__WHAT TO WORK ON__: No pictures should appear in the copy; otherwise retype the entries exactly.

[Dataset items]
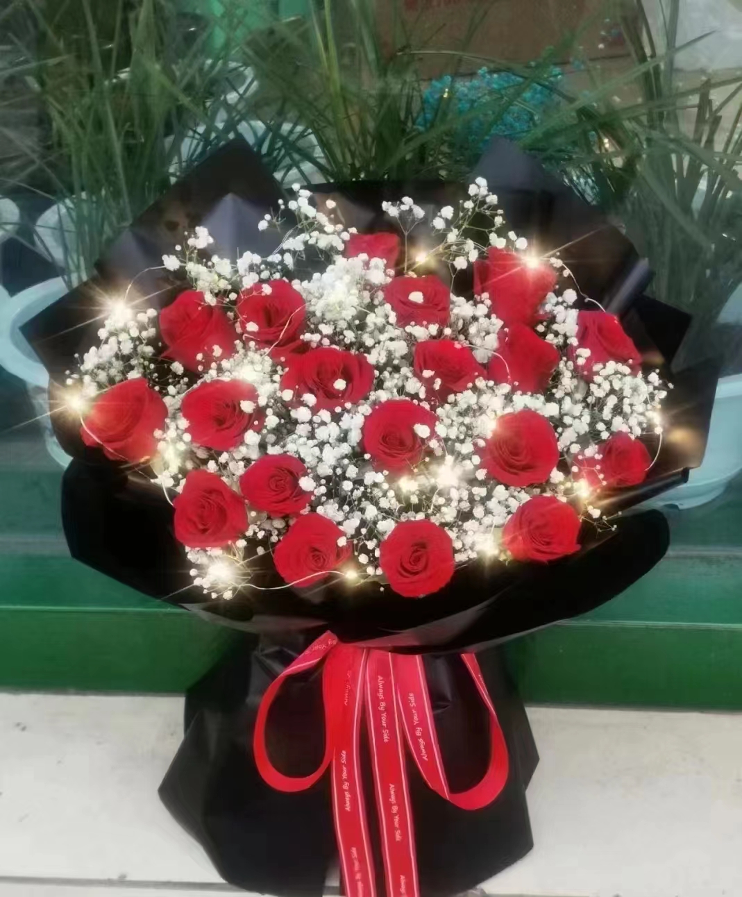 夜上海论坛19朵康乃馨2支粉百合花束,如图包 |
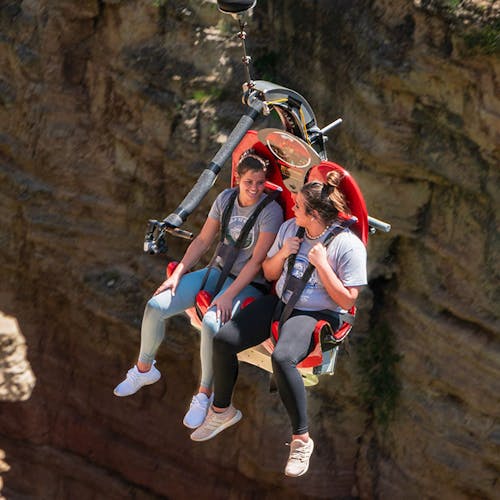 São 60 metros de altura caindo a quase 160km/h. O Giant Canyon Swing mais conhecido como Terror-dactyl é um pêndulo com assento onde os participantes "despencam" como um balanço entre as formações rochosas! Após a queda inicial o balanço se movimenta suavemente deixando você curtir o visual belíssimo do Cayon Williams.
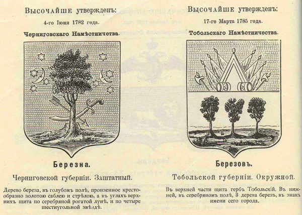- Берёзов (1785) — «в серебряном поле три дерева берез, в знак имени сего города».
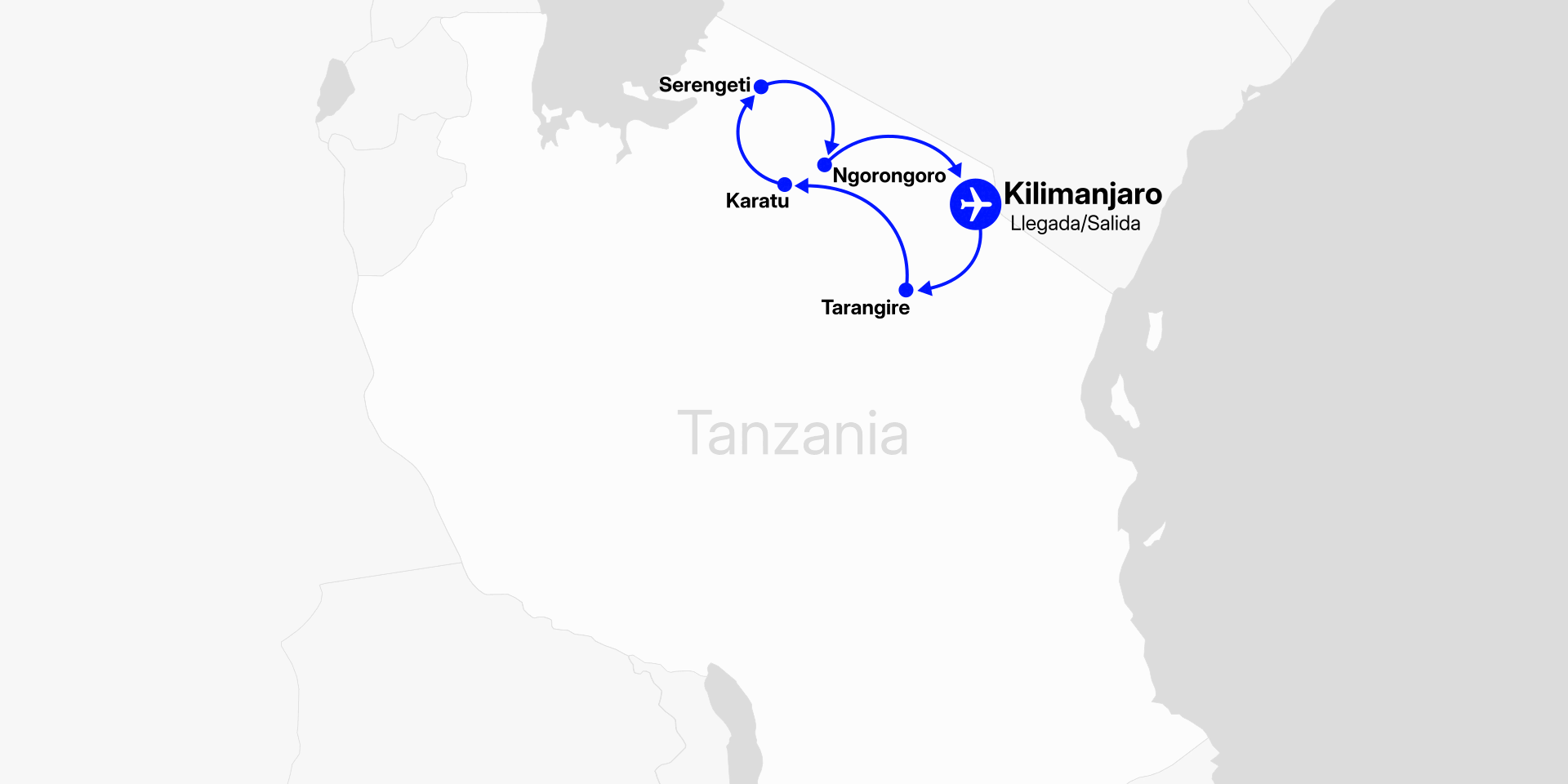 Nuestro itinerario comenzará cogiendo un vuelo desde España con destino Kilimanjaro, pasaremos la noche a bordo.
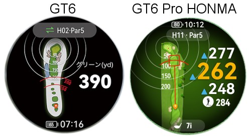 一方で、GT6 ProおよびGT6 Pro HONMAでは、より戦略的なプレーを支援する機能が追加されていて、ゴルフ用途に特化した設計となっています。
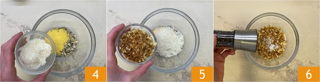 Ajoutez le Parmesan râpé 4 et la chapelure rustique 5 ; puis rectifiez l'assaisonnement avec du sel et du poivre 6.
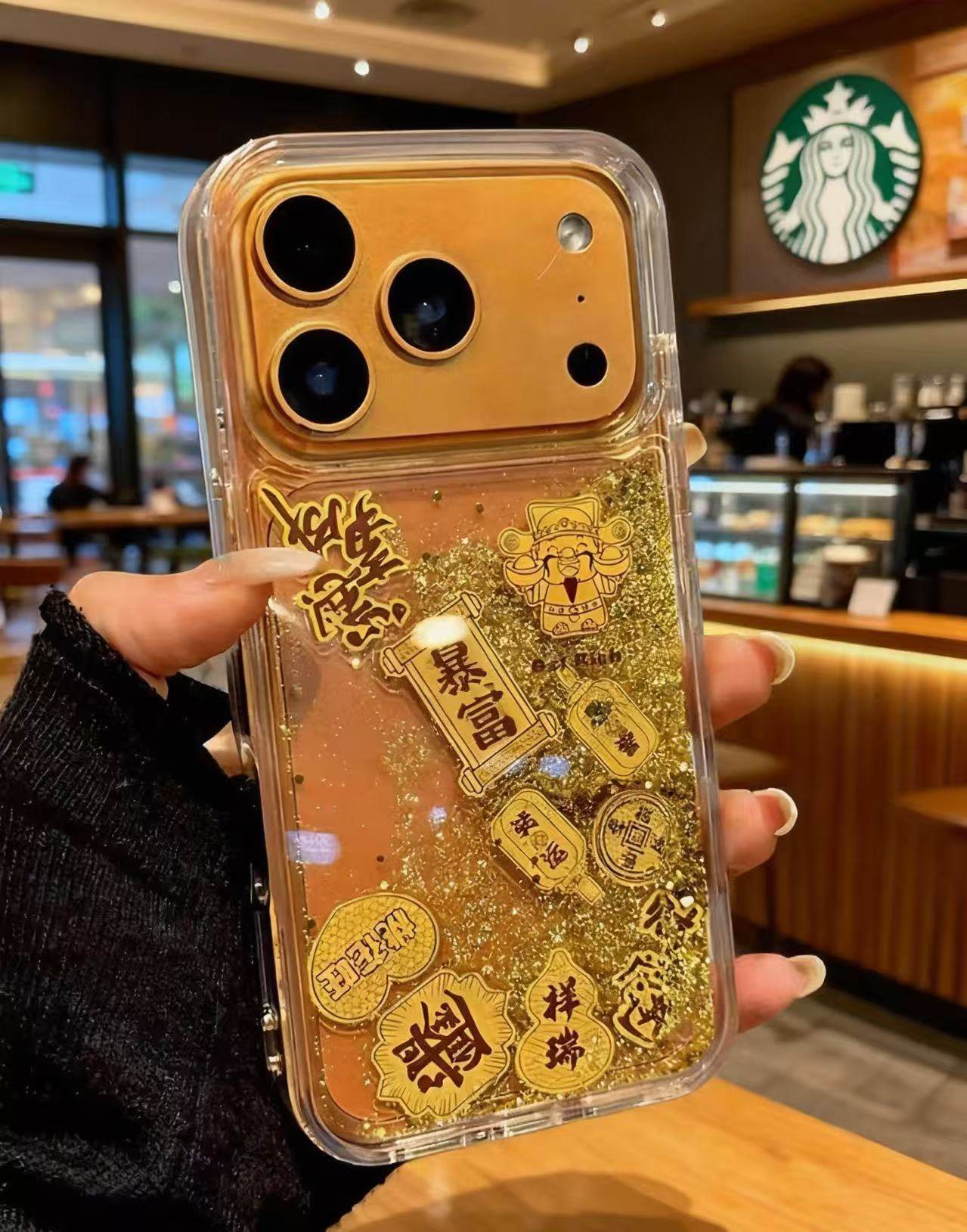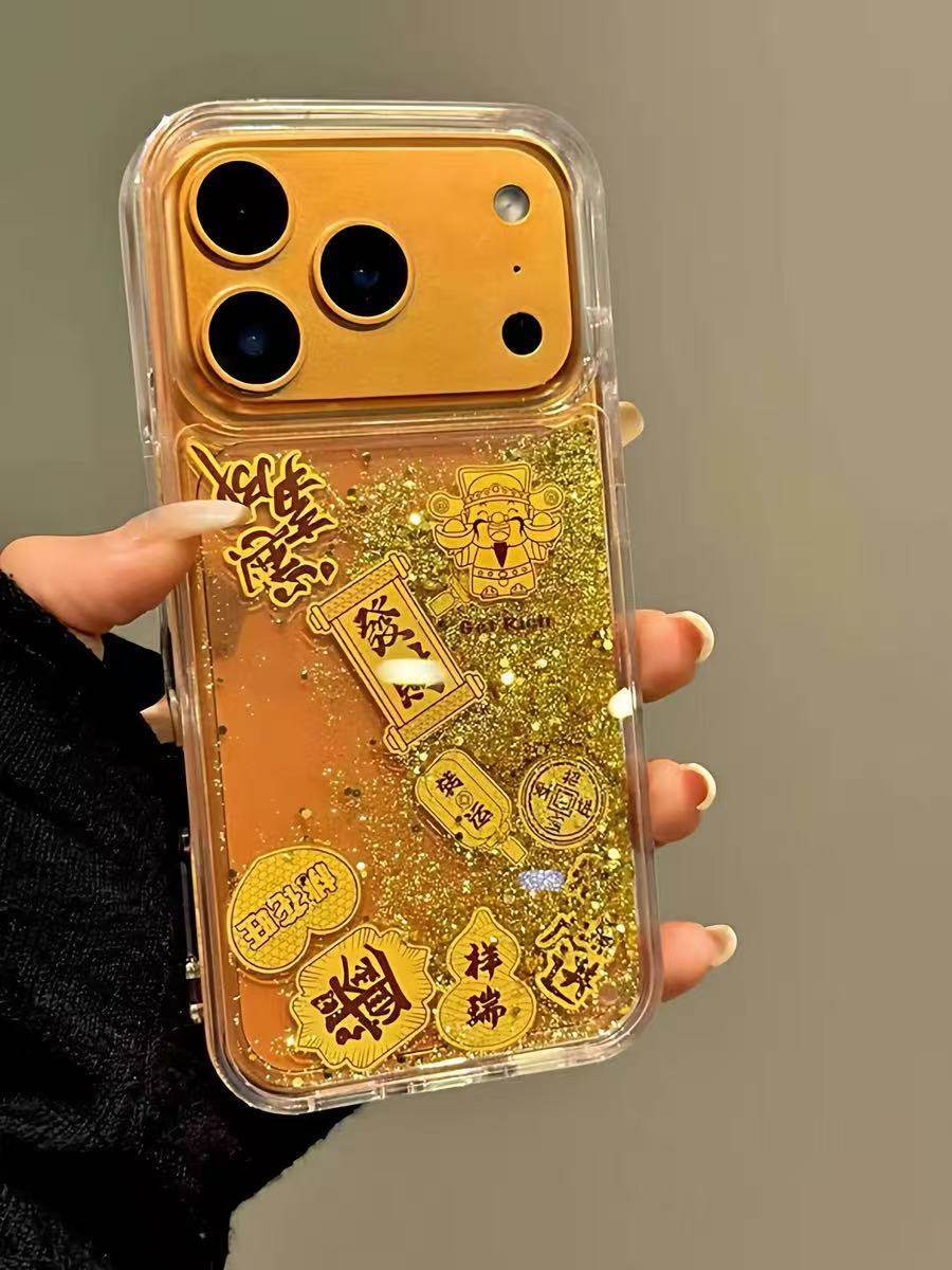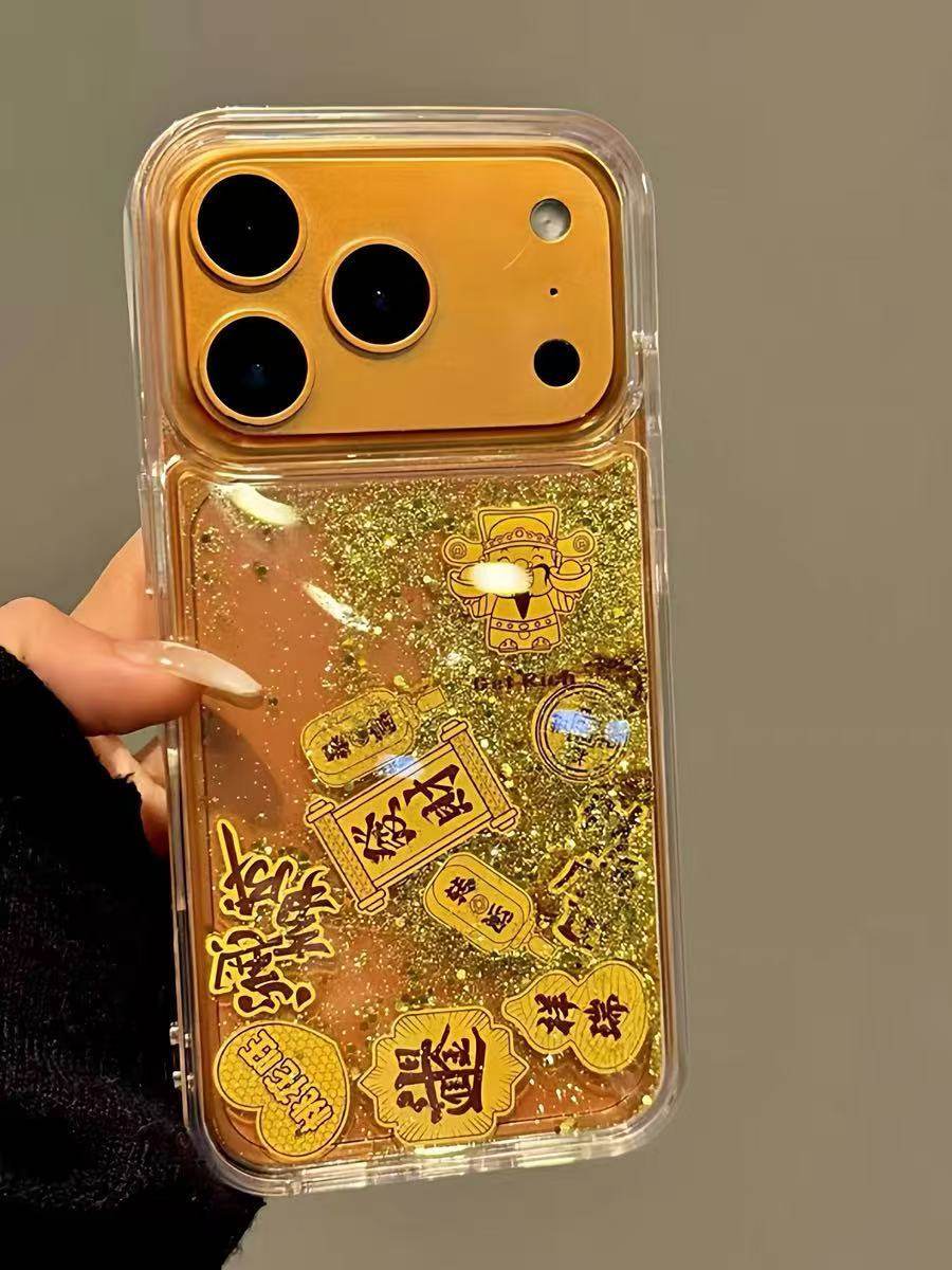 Quicksand Gold Foil God of Wealth Is Suitable for Iphone17Promax Apple 16 Mobile Phone Case Good Luck

__SOLUTION TO THE EXERCISE__:
 夜上海论坛19朵康乃馨2支粉百合花束,如图包 |
 São 60 metros de altura caindo a quase 160km/h. O Giant Canyon Swing mais conhecido como Terror-dactyl é um pêndulo com assento onde os participantes "despencam" como um balanço entre as formações rochosas! Após a queda inicial o balanço se movimenta suavemente deixando você curtir o visual belíssimo do Cayon Williams.
- Берёзов (1785) — «в серебряном поле три дерева берез, в знак имени сего города».
 Nuestro itinerario comenzará cogiendo un vuelo desde España con destino Kilimanjaro, pasaremos la noche a bordo.
 一方で、GT6 ProおよびGT6 Pro HONMAでは、より戦略的なプレーを支援する機能が追加されていて、ゴルフ用途に特化した設計となっています。
 Ajoutez le Parmesan râpé 4 et la chapelure rustique 5 ; puis rectifiez l'assaisonnement avec du sel et du poivre 6.
 Quicksand Gold Foil God of Wealth Is Suitable for Iphone17Promax Apple 16 Mobile Phone Case Good Luck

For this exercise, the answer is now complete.